> [Records for this task]:
======
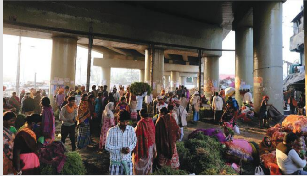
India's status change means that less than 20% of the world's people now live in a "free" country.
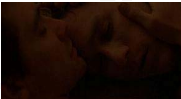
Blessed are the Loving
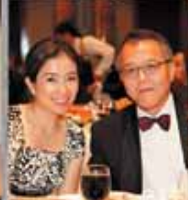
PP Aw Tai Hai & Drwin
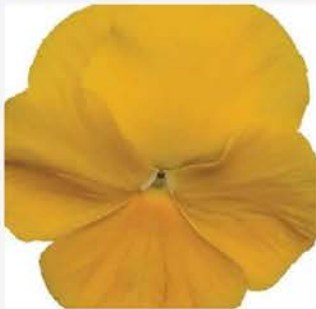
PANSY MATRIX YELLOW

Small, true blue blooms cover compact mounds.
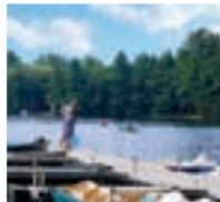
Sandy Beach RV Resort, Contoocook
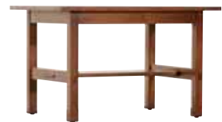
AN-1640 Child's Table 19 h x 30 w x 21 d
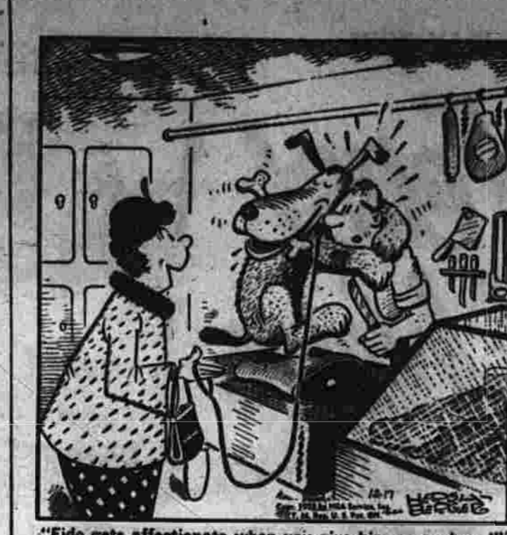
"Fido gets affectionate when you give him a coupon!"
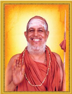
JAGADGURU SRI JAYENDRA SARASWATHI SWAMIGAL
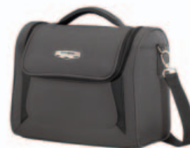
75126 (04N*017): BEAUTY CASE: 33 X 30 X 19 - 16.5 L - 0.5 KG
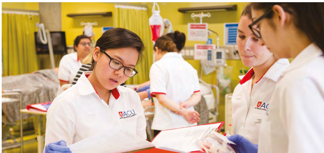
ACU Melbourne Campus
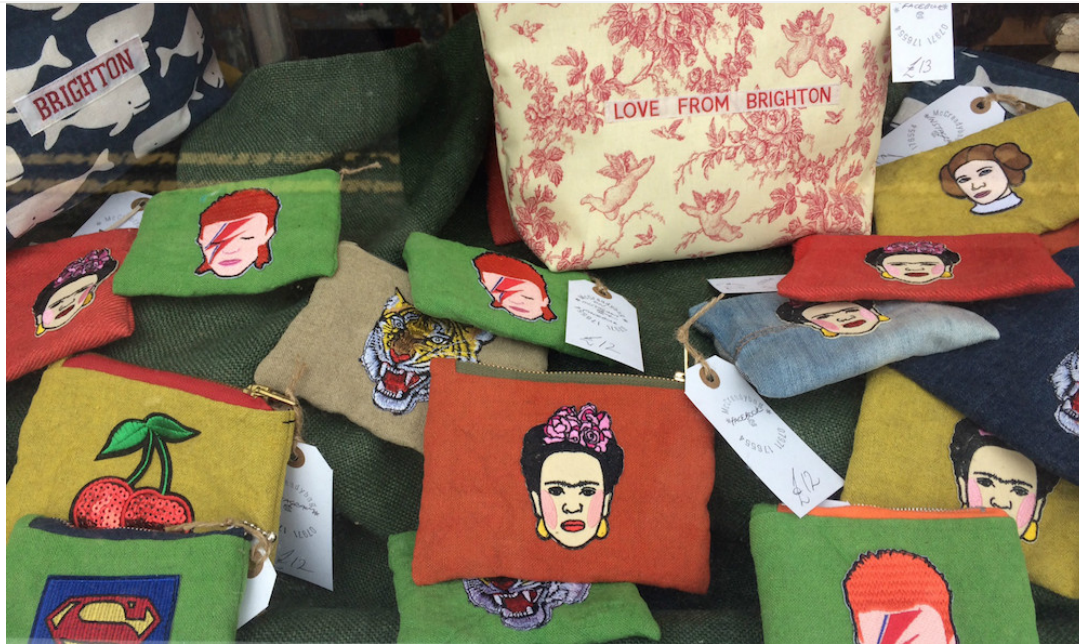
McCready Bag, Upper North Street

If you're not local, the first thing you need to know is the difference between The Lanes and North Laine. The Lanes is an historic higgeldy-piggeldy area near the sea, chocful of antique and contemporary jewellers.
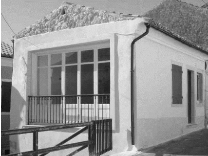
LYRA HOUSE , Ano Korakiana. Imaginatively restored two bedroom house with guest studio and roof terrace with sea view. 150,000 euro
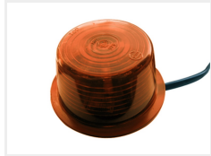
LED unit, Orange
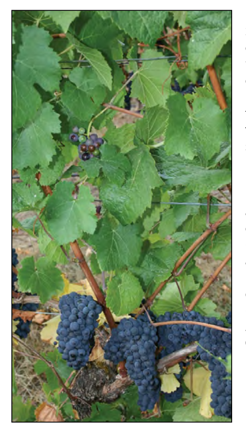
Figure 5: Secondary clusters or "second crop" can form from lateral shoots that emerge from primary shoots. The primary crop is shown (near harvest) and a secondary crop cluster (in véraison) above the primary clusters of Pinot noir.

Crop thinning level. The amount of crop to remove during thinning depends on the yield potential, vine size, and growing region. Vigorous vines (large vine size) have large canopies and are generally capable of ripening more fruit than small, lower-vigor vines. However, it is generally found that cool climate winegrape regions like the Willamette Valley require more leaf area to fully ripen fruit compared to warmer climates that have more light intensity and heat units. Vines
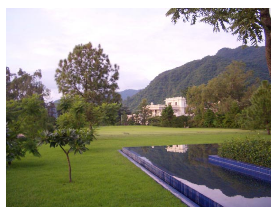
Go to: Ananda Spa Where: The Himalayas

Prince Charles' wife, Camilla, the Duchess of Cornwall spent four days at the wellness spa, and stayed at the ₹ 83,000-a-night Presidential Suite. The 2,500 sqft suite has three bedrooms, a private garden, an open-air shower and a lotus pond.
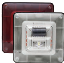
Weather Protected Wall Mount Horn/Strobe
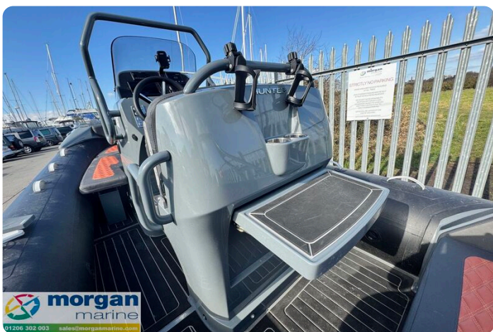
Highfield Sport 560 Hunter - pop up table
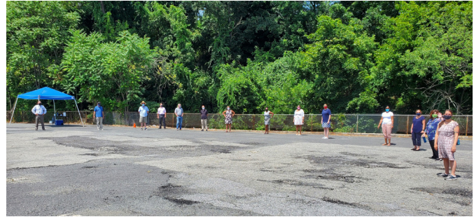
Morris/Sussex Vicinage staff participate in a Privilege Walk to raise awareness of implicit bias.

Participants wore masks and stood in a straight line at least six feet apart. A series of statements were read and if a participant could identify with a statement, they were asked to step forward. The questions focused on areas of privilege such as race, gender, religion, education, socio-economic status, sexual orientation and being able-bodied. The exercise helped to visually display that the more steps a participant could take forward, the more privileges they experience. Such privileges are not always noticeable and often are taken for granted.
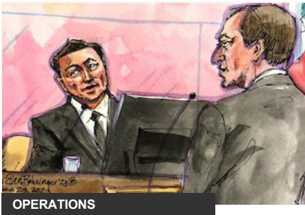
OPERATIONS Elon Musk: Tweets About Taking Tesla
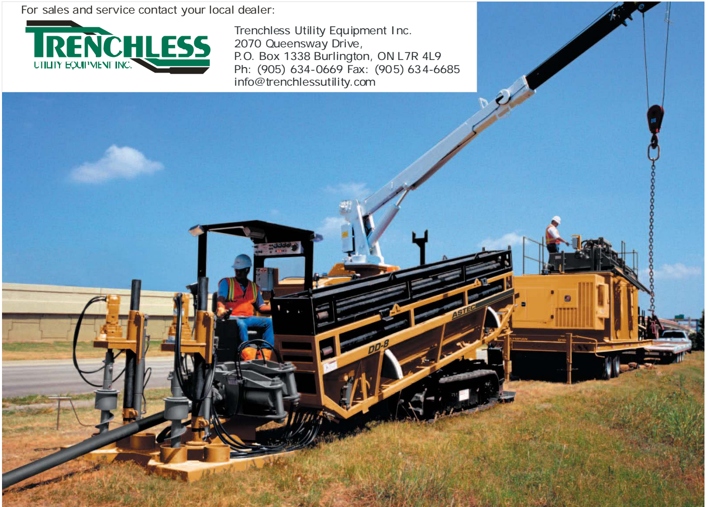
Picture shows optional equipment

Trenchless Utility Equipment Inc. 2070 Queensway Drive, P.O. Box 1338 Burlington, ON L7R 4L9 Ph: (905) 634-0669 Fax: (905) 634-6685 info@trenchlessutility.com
======
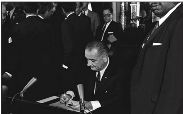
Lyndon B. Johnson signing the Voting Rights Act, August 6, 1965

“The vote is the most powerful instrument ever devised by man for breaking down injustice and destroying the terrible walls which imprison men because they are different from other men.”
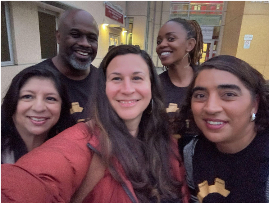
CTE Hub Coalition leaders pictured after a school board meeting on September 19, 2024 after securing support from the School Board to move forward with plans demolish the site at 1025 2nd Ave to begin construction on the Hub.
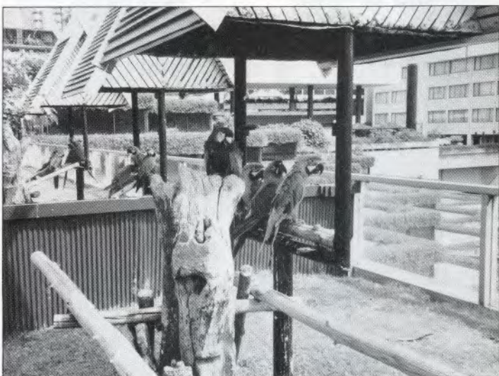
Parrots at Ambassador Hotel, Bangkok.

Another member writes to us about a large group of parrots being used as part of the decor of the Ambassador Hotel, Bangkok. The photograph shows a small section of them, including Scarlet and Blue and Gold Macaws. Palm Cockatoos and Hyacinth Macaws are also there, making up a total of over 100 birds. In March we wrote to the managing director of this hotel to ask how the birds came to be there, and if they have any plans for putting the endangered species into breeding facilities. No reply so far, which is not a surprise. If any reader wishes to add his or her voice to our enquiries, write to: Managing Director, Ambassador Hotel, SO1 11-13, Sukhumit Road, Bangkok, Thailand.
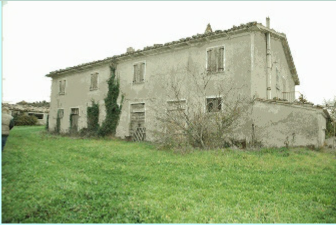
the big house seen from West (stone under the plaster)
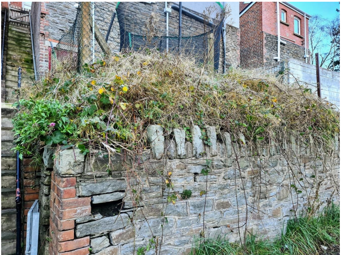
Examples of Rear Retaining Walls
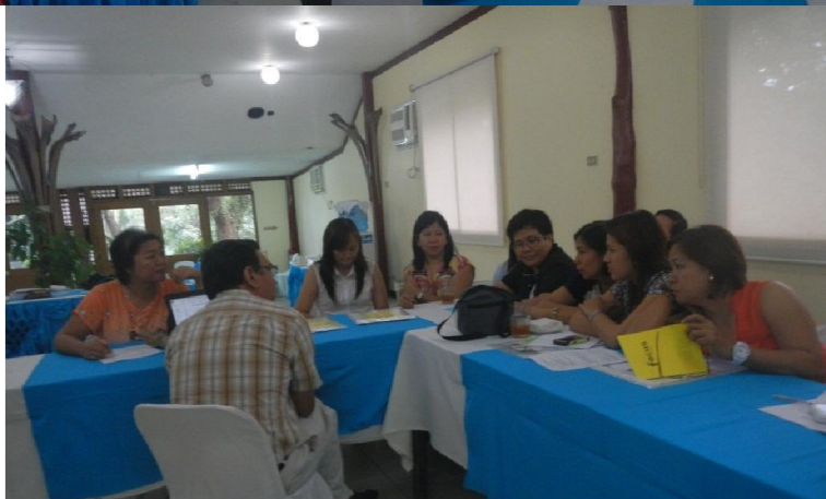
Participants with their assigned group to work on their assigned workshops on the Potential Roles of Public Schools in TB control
======
> [Task directions]: Filter the records above for "they" and copy every matching line.

> [Reply to the exercise]:
Participants wore masks and stood in a straight line at least six feet apart. A series of statements were read and if a participant could identify with a statement, they were asked to step forward. The questions focused on areas of privilege such as race, gender, religion, education, socio-economic status, sexual orientation and being able-bodied. The exercise helped to visually display that the more steps a participant could take forward, the more privileges they experience. Such privileges are not always noticeable and often are taken for granted.
“The vote is the most powerful instrument ever devised by man for breaking down injustice and destroying the terrible walls which imprison men because they are different from other men.”
Another member writes to us about a large group of parrots being used as part of the decor of the Ambassador Hotel, Bangkok. The photograph shows a small section of them, including Scarlet and Blue and Gold Macaws. Palm Cockatoos and Hyacinth Macaws are also there, making up a total of over 100 birds. In March we wrote to the managing director of this hotel to ask how the birds came to be there, and if they have any plans for putting the endangered species into breeding facilities. No reply so far, which is not a surprise. If any reader wishes to add his or her voice to our enquiries, write to: Managing Director, Ambassador Hotel, SO1 11-13, Sukhumit Road, Bangkok, Thailand.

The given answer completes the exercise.